RAG (Retrieval-Augmented Generation)

RAG (Retrieval-Augmented Generation) : le guide complet pour comprendre cette technologie clé de l’IA

Un modèle de langage entraîné sur des milliards de tokens peut ignorer ce qui s’est passé la semaine dernière. C’est la contradiction centrale de l’IA générative – et c’est exactement ce que le RAG a été conçu pour résoudre.

Depuis 2020, cette architecture redefinie la façon dont les entreprises déploient des systèmes d’IA sur leurs propres données.

Définition et origine du RAG : qu’est-ce que la Retrieval-Augmented Generation?

Le terme RAG – pour Retrieval-Augmented Generation – désigne une technique qui permet à un grand modèle de langage (LLM) d’aller chercher des informations dans des sources externes avant de générer sa réponse.

L’acronyme est apparu pour la première fois dans un article de recherche publié en 2020 : Retrieval-Augmented Generation for Knowledge-Intensive Tasks, signé par Facebook AI Research (devenu Meta AI), en collaboration avec University College London et New York University.

Le lead author de ce papier est Patrick Lewis. L’équipe y décrivait le RAG comme un « general-purpose fine-tuning recipe » – une recette d’ajustement généraliste applicable à une large gamme de tâches nécessitant des connaissances précises et actualisées.

Concrètement, le RAG connecte un LLM à une base documentaire externe.
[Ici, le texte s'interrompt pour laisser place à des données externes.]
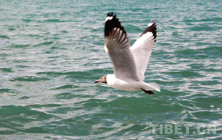 圖為翱翔在班公湖上的棕頭鷗 攝影:劉莉
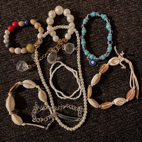 Punavalkoinen puuhelmistä tehdyt kaula- ja rannekoru. Värikäs kukkanmallisia puuhelmiä sisältävä kaula- ja rannekoru. Yhteishintaan 2€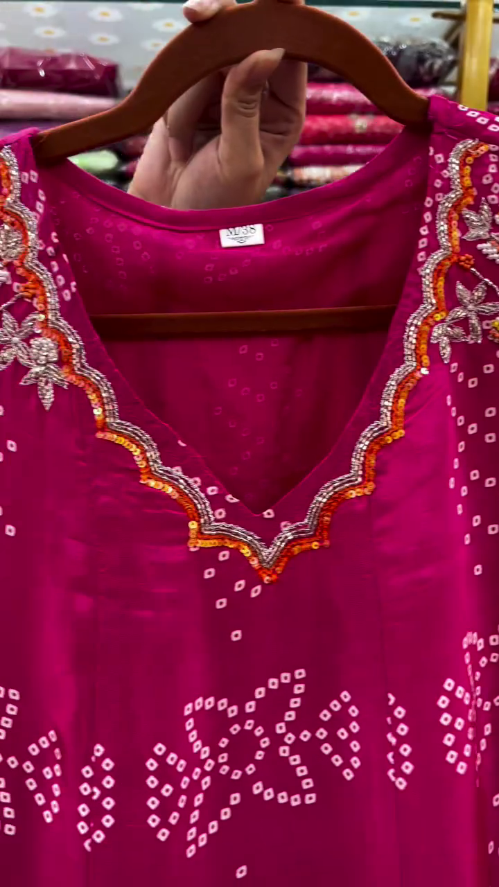 New Rani-Pink Silk Handwork Kurti-Pant With Dupatta

Quand vous posez une question, le système récupère les passages pertinents depuis cette base, puis les transmet au modèle pour construire une réponse ancrée dans des sources réelles – et non dans des paramètres figés datant de l’entraînement.

Architecture RAG : comment fonctionne le pipeline de bout en bout?
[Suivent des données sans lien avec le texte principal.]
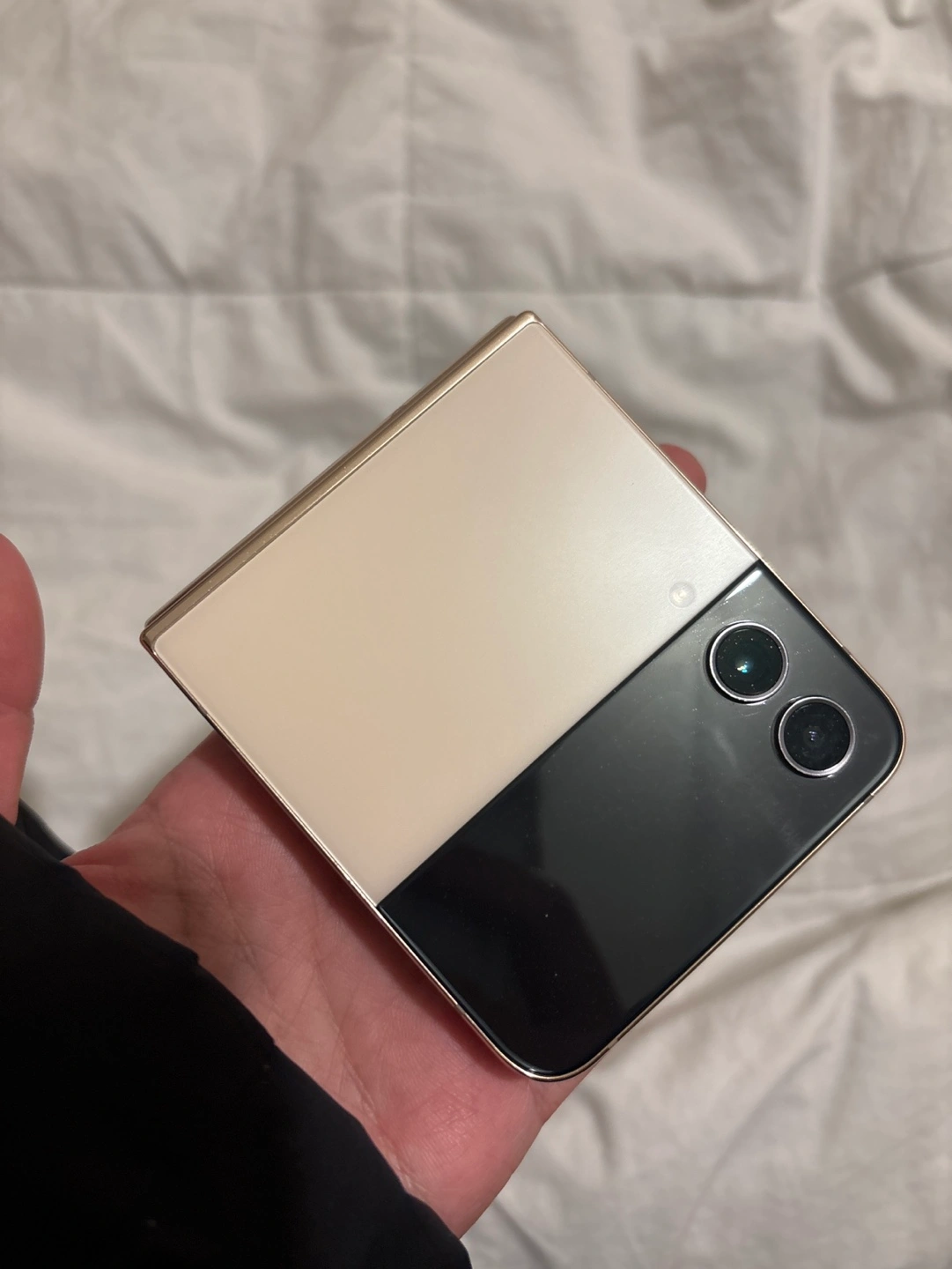 Foldable smartphone. Beige and black colour. Dual camera. Good condition. Want to sell is ASAP cause I want to buy a new one will discount $10 for anyone buy it

RAG (Retrieval-Augmented Generation)

Une architecture RAG typique repose sur quatre composants distincts : l’indexation (indexing), la récupération (retrieval), la génération (generation) et le contrôle (control). Chacun remplit une fonction précise dans la chaîne de traitement.

L’indexation transforme vos documents bruts en vecteurs numériques stockés dans une base vectorielle. C’est ici qu’intervient le Dense Passage Retriever (DPR), avec deux encodeurs : le Document encoder, qui convertit chaque passage de texte en un vecteur dense, et le Query encoder, qui transforme la requête utilisateur en un vecteur du même espace.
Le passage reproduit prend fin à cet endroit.